When Pete Alexakis moved to Fallbrook 11 years ago, one thing hooked him: “An advertisement about Fallbrook being one of the last areas where you could buy a little bit of land and be close to the ocean,” Alexakis said.
His home is surrounded by green, rolling hills and trees. To him and his family, they offer beautiful views.
But to insurance companies, they’re an extreme fire hazard.
“Eleven years ago, we had choices,” he said. “We were able to get from one of the Berkshire Hathaway companies, a preferred homeowner’s policy with … full coverage and good rates.”
But in December, he received a nonrenewal notice from his insurer. The company said it was because of the fire danger.
Alexakis was forced to join California’s FAIR Plan for basic fire coverage only. For additional coverage, he purchased a separate policy from another company.
He said a new policy with the same coverage he had before the nonrenewal notice would have cost him 80% more.
“So what we did was, we offset some of that expense by going tremendously higher with deductibles and foregoing some other coverages just to make it affordable,” he said.
Alexakis is not alone.
Insurers like State Farm and Allstate have been offloading their California clients, and while officials in Sacramento try to reach a compromise with the insurance agencies, homeowners are left with limited options.
Ashley Beier Walasek is an insurance broker in Fallbrook. She said most homeowners are going with the California FAIR Plan fire coverage, and then filling in coverage gaps with other policies for things like water, theft or liability.

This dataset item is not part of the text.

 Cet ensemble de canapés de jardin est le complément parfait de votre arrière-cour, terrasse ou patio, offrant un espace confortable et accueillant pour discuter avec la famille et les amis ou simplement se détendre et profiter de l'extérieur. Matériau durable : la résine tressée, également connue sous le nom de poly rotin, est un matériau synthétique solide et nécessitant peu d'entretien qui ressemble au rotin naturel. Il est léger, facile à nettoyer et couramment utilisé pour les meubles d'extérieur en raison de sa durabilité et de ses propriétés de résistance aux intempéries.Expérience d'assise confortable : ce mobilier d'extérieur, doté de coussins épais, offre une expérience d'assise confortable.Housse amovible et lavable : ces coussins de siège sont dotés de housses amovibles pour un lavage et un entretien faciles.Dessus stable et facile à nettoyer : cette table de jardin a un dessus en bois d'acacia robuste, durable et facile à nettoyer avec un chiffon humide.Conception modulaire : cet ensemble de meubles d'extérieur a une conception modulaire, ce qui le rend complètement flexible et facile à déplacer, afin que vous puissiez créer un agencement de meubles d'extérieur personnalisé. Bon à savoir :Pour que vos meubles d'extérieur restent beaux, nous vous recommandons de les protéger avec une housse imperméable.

“It just depends on every individual client, their family and their financial needs. So it really varies. But the higher of a deductible you have, the lower your premiums going to be,” she said.

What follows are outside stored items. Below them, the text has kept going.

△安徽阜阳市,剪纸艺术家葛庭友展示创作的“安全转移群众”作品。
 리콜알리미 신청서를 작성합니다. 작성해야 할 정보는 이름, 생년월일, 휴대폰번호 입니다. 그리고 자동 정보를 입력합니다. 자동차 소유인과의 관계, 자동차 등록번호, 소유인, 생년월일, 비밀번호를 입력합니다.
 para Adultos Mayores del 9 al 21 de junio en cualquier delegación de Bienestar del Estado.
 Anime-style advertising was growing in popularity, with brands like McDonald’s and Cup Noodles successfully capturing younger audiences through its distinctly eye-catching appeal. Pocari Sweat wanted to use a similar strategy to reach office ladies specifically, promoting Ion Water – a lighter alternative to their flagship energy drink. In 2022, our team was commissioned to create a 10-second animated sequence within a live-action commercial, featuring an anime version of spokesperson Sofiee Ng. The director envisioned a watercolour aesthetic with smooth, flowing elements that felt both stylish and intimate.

And some homeowners are choosing another option: non-admitted policies. Beier Walasek said these come from out-of-state companies that aren’t licensed to do business in California.
“And what that means is that they are not held to the same regulatory financial stability laws that we have here,” Walasek said. “But they’re also able to insure riskier ventures, whether it’s in a fire area or if it’s a commercial policy.”

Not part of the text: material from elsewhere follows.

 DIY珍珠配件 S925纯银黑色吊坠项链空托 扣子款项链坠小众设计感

But there is a risk with non-admitted, out-of-state carriers: Admitted carriers are backed by the state; non-admitted carriers are not.
“If the (non-admitted) company becomes insolvent, or goes bankrupt, and they are not able to pay out the claims that you’re paying the coverage for … as a California resident … you are not able to go to the state to either appeal or … fight back to get any help from the state,” she said.
She said non-admitted carriers can be a good option for homeowners in fire-risk areas or for commercial policies. And research is key when shopping the non-admitted market.
“When searching for a policy, the first step is to check the rating of the non-admitted carrier. If it’s high and holds an A+, it means the company has a strong financial stability rating,” she said.
Policies are handled case by case, and vary depending on the location and age of a home, and the coverage and price a homeowner wants, and can afford.
“(For) people who have fixed incomes, it’s very difficult to see their premium triple in a year, and their incomes aren’t increasing,” Walasek said.
Homeowners are having to make tough decisions.
Some choose to go uninsured or underinsured, and others are choosing to sell their home and move out of California.
“I can’t believe that an insurance policy, and not being able to afford it, is dictating your move … your life,” Walasek said.